Cell cultures were fixed in 4% paraformaldehyde (Alfa Aesar, Ward Hill, MA) at 4°C for 20 min. Fixed cells were permeated with Triton X100 (Sigma-Aldrich) for 5 min at room temperature. Next, cells were incubated with specific antibodies (Abcam, Cambridge, United Kingdom) for cardiac markers myosin heavy chain and connexin 43, then in DyLight-conjugated secondary antibodies (Jackson ImmunoResearch Laboratories). Cells were imaged by using an epifluorescence microscope (DMI 6000B; Lieca Microsystems, Wetzlar, DE).

Calcium handling and membrane voltage potential

The calcium handling of spontaneously contracting cells was measured by imaging calcium-sensitive dye Indo-1 AM (Thermo Fisher) with an epifluorescence microscope (Olympus, Center Valley, PA) and a photomultiplier tube detection system and software (Ion Optix, Westwood, MA). Cells were washed with PBS at 37°C, replaced with Tyrode's buffer containing 2 μL of 2 mM Indo-1 AM, and allowed to incubate for 30 min at room temperature. The cells were then washed three times with fresh Tyrode's buffer and analyzed by using the Ion Optix system. The measured field of view was ∼50 μm × 50 μm in size. Detection wavelengths were recorded at 405 and 485 nm. Membrane voltage potential utilized the same procedure as calcium measurements but with voltage-sensitive dye Di-8-ANEPPS (Thermo). Detection wavelengths were recorded at 560 and 620 nm.

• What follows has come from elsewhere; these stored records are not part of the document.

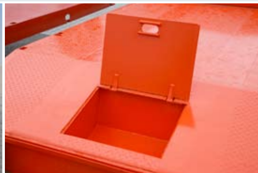
Staukasten in Kröpfung eingelassen (serienmäßig).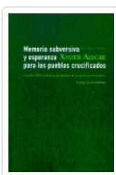
MEMORIA SUBERSIVA Y ESPERANZA PARA LOS PUEBLOS CRUCIFICADOS ALEGRE, XAVIER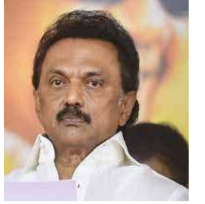
அவர் களின் எண்ணம் ஈடேறாத வகையில், கவனத்துடன் சொற்களைப் பயன்படுத்த வேண்டும் என்று ஸ்டாலின் கூறியுள்ளார். (ஐ)

பிரசாரத்தின்போது உணர்ச்சி வசப்பட்டு, கண்ணியக் குறைவான சொற்களை வெளிப்படுத்தக் கூடாது. அப்படிப்பட்ட சொற்கள் உதிர்த்திடுவதைக் கண்டிப்பாகத் தவிர்த்திட வேண்டும். அத்தகைய பேச்சுகளைத் தி.மு.க. தலைமை ஒருபோதும் ஏற்காது. தி.மு.க. கூட்டணியின் வெற்றி உறுதியாகவும் வலிமையாகவும் மக்களால் தீர்மானிக்கப்பட்டு விட்ட நிலையில், தி.மு.கவினர் பேச்சுகளைத் திரித்து, வெட்டி-ஒட்டி, தவறான பொருள்படும் படி செய்து மேற்கொண்டிருக்கிறார்கள்.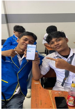
Gambar 4. Pengaplikasian Aplikasi LinkedIn.

Pada gambar 4 adalah kegiatan pengaplikasian aplikasi LinkedIn dimana aplikasi tersebut bertujuan sebagai perencanaan masa depan. Pada tahap ini siswa diharuskan untuk merencanakan karir masa depannya melalui aplikasi LinkedIn, siswa diarahkan menggunakan aplikasi serta proses mengisi data pribadi. Data yang di isi oleh siswa harus sesuai dengan pengalaman pribadi serta memasukkan data prestasi dan pengalaman. Hal tersebut agar mendapatkan peluang kerja yang tinggi.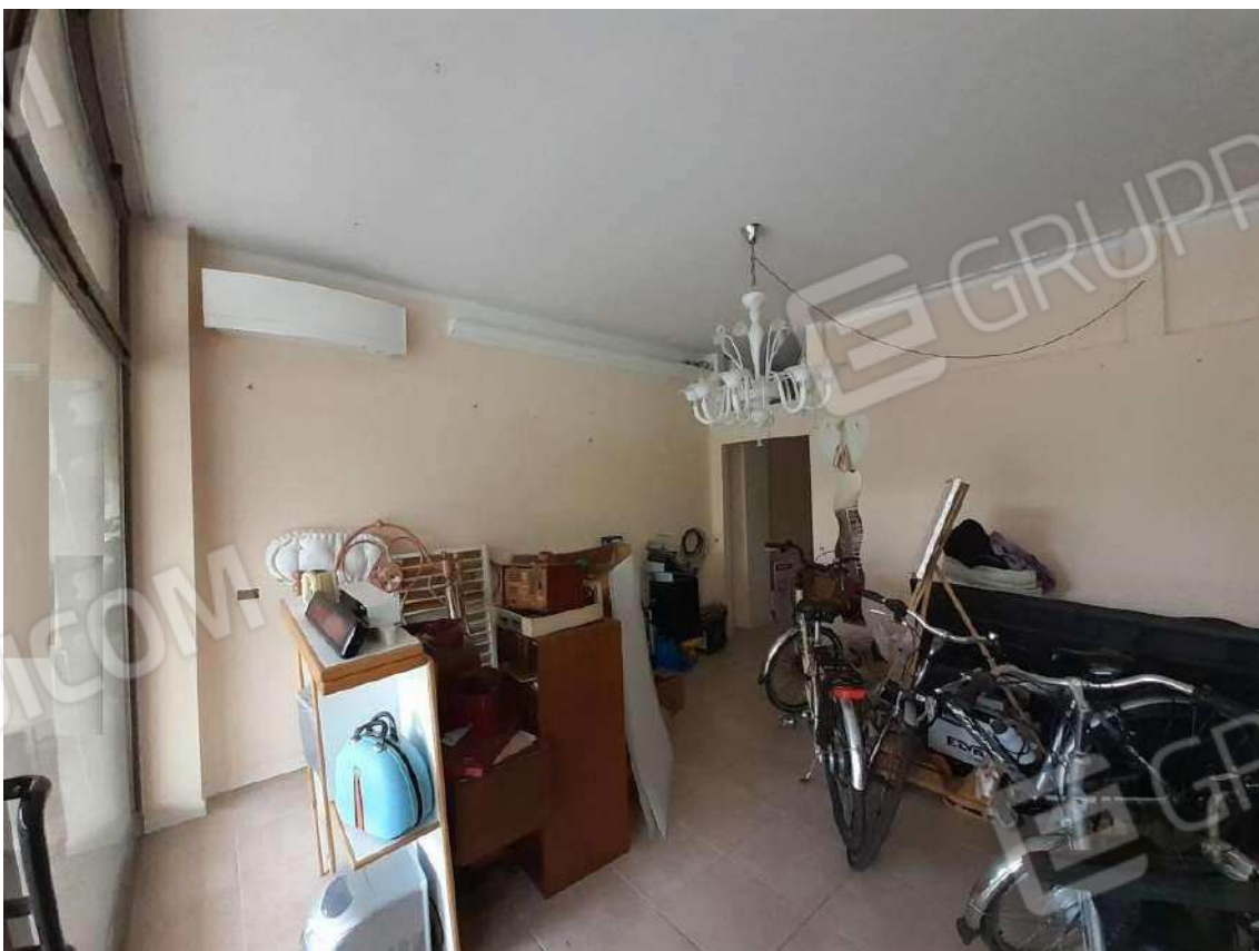
INTERNI SUB 80

Peak shortening percentage analysis

Cells were recorded on spontaneous contraction from day 20 to 30 by using phase-contrast time-lapse video microscopy (Nikon Eclipse TE300, Melville, NY). Images were taken every 100 ms with a CoolSNAP HQ2 CCD camera (Photometrics, Tuscon, AZ) and analyzed with ImageJ. Minimum representative rectangles were used to outline individual contracting cells, and the lengths of the smallest and largest rectangles were used to calculate the peak shortening percentage.

Western blot

Western blot antibodies were purchased from Abcam, Inc.; electrophoresis, transfer blots, and enhanced chemo-luminescence (ECL) developing materials were purchased from Bio-Rad (Hercules, CA). Total protein lysates were collected from cells at 30 days of differentiation. Total protein concentration was quantified by a bicinchoninic acid kit (Thermo Scientific, Rockford, IL). Samples were normalized based on total protein concentration and run on sodium dodecyl sulfate-polyacrylamide gel electrophoresis gels according to the manufacturer's protocols. Proteins were transferred to blotting membranes and then incubated overnight at 4°C with mouse monoclonal antibodies against MHC and cTnT (1:100 dilution in 10% milk in Tris Buffered Saline with 0.5% Tween 20 [TBST]) and mouse monoclonal antibodies against GAPDH (1:1000 dilution in 10% milk in TBST). The membranes were washed and incubated with secondary horseradish peroxidase antibodies (1:1000 in 10% milk in TBST) for 1 h at room temperature. The membranes were washed, then immersed in an ECL developing solution, and finally read by using Bio-rad ChemiDoc XRS+Statistics.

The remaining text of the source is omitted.